Preparation is the key

In the light of the favourable banking experience to date, it is interesting to note that Neopost chooses not to take its FX and interest rate cues from its banks. Instead it organises its activities – including subsequent negotiations with banks – around one independent non-bank treasury advisor, Forex Finance, which has a strong presence in the French market. “This company is really helping us to develop our strategy in terms of FX,” says Liaudon. This strategy, revisited as and when required, avoids bargaining around individual FX trades and instead focuses on deals based on a longer-term defensive position. Indeed, for more than a decade of using this firm Liaudon says he has seen “no surprises” regarding Neopost’s position at year-end. Forex Finance is retained on an annual contract and also advises on other matters such as IFRS fair value measurement of various instruments, avoiding the need in this example for Neopost to implement “expensive specialist software” to crunch the numbers.
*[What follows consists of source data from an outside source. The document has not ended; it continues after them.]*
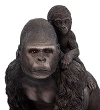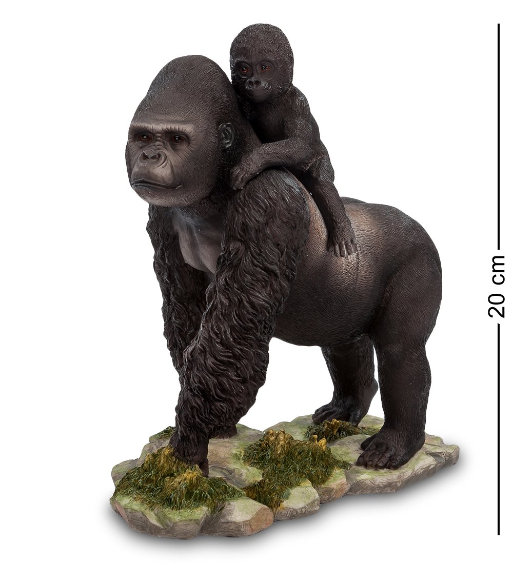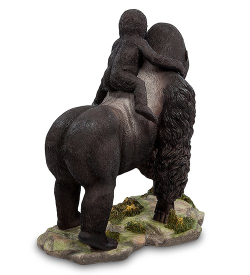 Статуэтка «Горилла с детенышем» станет стильным и оригинальным украшением вашего дома. В этой композиции изображена величественная и гордая горилла, на спине которой восседает маленький детеныш. Кажется, что еще мгновение назад животные блуждали по экзотическим тропикам, а сейчас они попали в наш мир и с интересом рассматривают его.
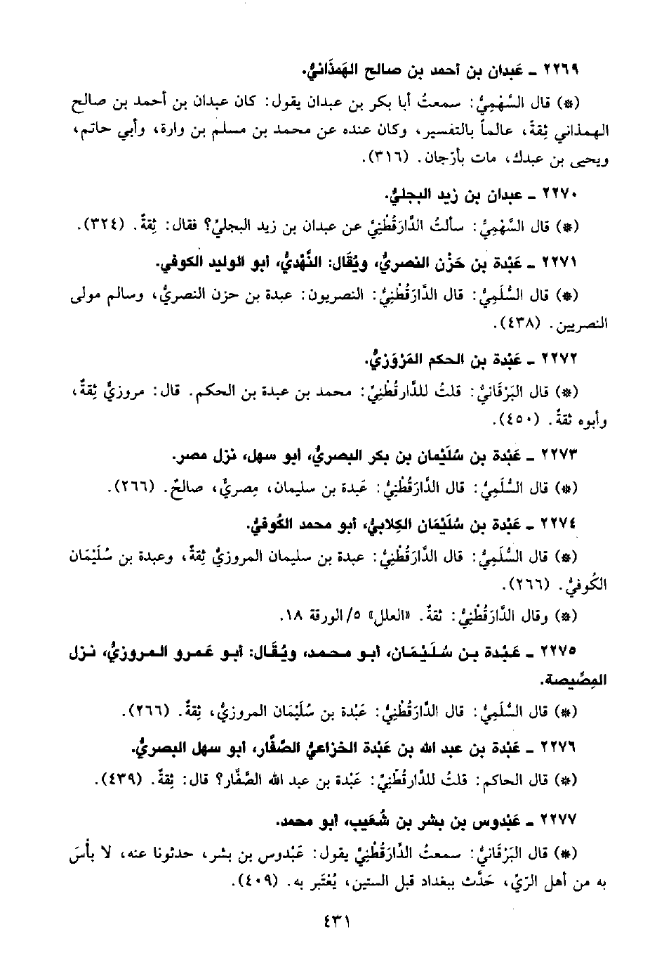 • قال السهمي: سألت الدَّارَقُطْنِيّ عن عبدان بن زيد البجلي؟ فقال: ثقة. (314) .
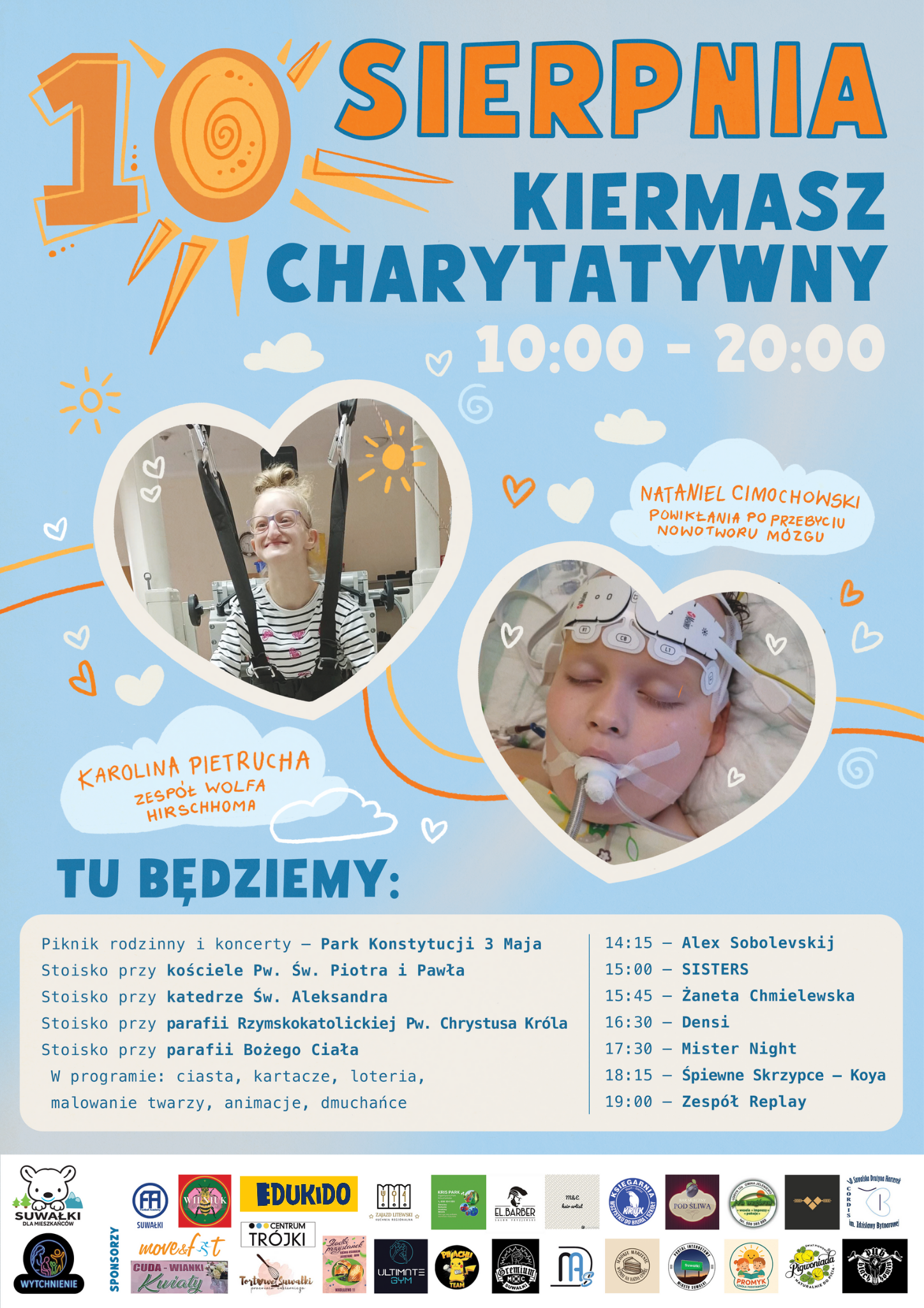 Stowarzyszenie Suwałki dla Mieszkańców, Izabela Biel i Stowarzyszenie Wytchnienie serdecznie zapraszają na wyjątkowe wydarzenie pełne dobra, smaku i muzyki! W niedzielę, 10 sierpnia, w Parku Konstytucji 3 Maja w Suwałkach, w godzinach: 10.00-20.00, odbędzie się kiermasz charytatywny.
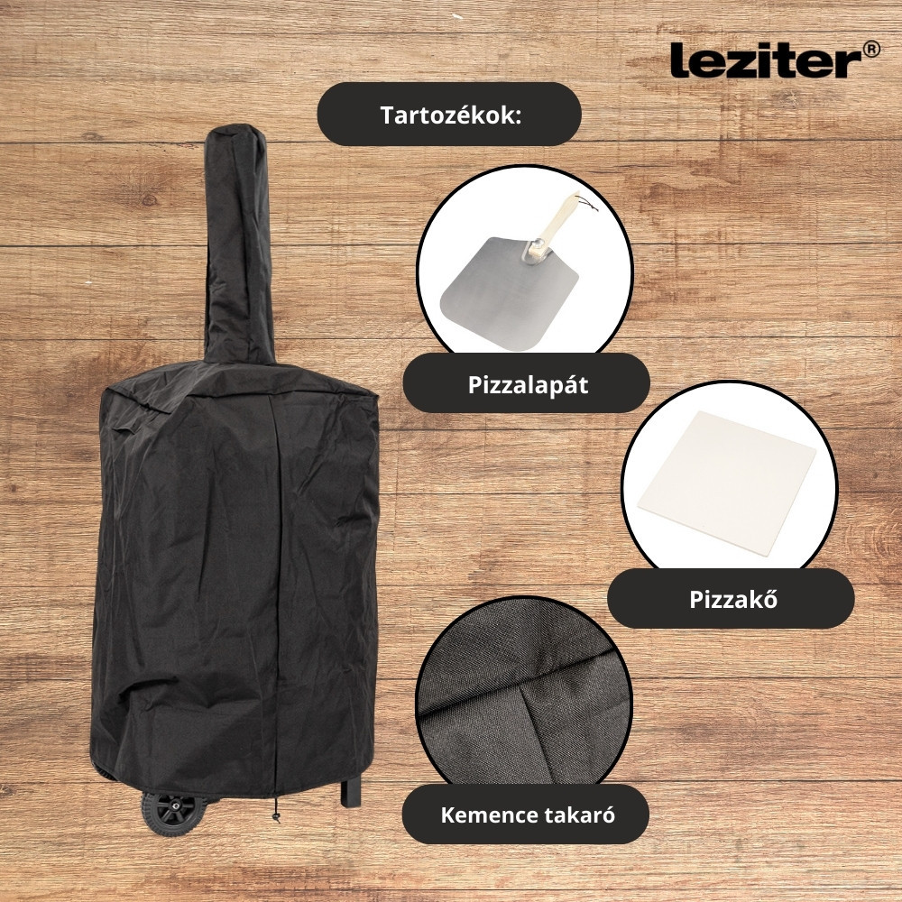 A kiváló minőségű, porszórt acéltest egyenletes hőeloszlást tesz lehetővé, míg a mellékelt pizzakő a tészta alját ropogósra süti. A lapát biztonságos és kényelmes kezelést nyújt, a sütőtakaró pedig megóvja a kemencét a szennyeződésektől, amikor épp nincs használatban.
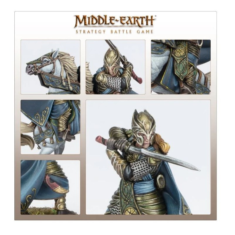 L'ensemble se compose de 13 éléments moulés en résine de haute qualité avec lesquels vous pouvez construire deux figurines en plusieurs parties et à une seule position - Glorfindel monté, et à pied. Le kit est fourni avec 1 base ronde à trou hexagonal de 40 mm et 1 base ronde de 25 mm. Ces figurines nécessitent un assemblage et ne sont pas peintes - nous vous recommandons d'utiliser les peintures Citadel Colour.

Being prepared for duty is something that Liaudon is very clear about but sometimes external events take over. As the reporting requirement for treasury increases, especially around regulation-driven needs, such as the defence against corporate fraud, he recognises that this aspect of the job becomes ever-more time consuming. On a daily basis he receives requests from banks seeking more information on, for example, a payment request which in turn demands further communication with the beneficiary, generating yet more documentation and delays. The number of these requests is not yet sufficient to warrant development of a fully automated response, he says, but handling them is becoming an issue that is “sometimes difficult to anticipate.”

It’s all about the journey

Just as Neopost has developed into a more complex international business over the years, so treasury under Liaudon’s guidance has evolved to meet the challenges presented by such growth. The treasury office itself has necessarily expanded from a staff of one (Liaudon) to a team of three, the most recent recruit being brought on board to manage back office processing activities and the middle office link between treasury and accounting.

The way in which the company and the treasury department has progressed in that time filters through into Liaudon’s advice to any newcomer to the firm and to treasury in general. He stresses the importance of nurturing a curiosity about new processes and technologies that can deliver efficiency. Whilst this approach is evident in the current architecture of treasury tools within Neopost, he is quick to assert that this should never be about technology for the sake of it but technology as means of maintaining order and serving the role for which it is intended.

Given this insight, his personal philosophy – one that has clearly served him well in his career – is unsurprisingly based on keeping it simple. From his early days of study, Liaudon has been able to move forwards in his career, accumulating knowledge and expertise at each turn, following a clear path that was well-signposted for his interests in life. As someone who is inspired by the constant discovery of the new, he says he may well have found himself in the travel industry. In a sense, he has done just that anyway. Neopost is a business characterised by constant movement – of packages, parcels and messages – within which he has been able to stretch out in a role offering discovery and, of course, truly international scope.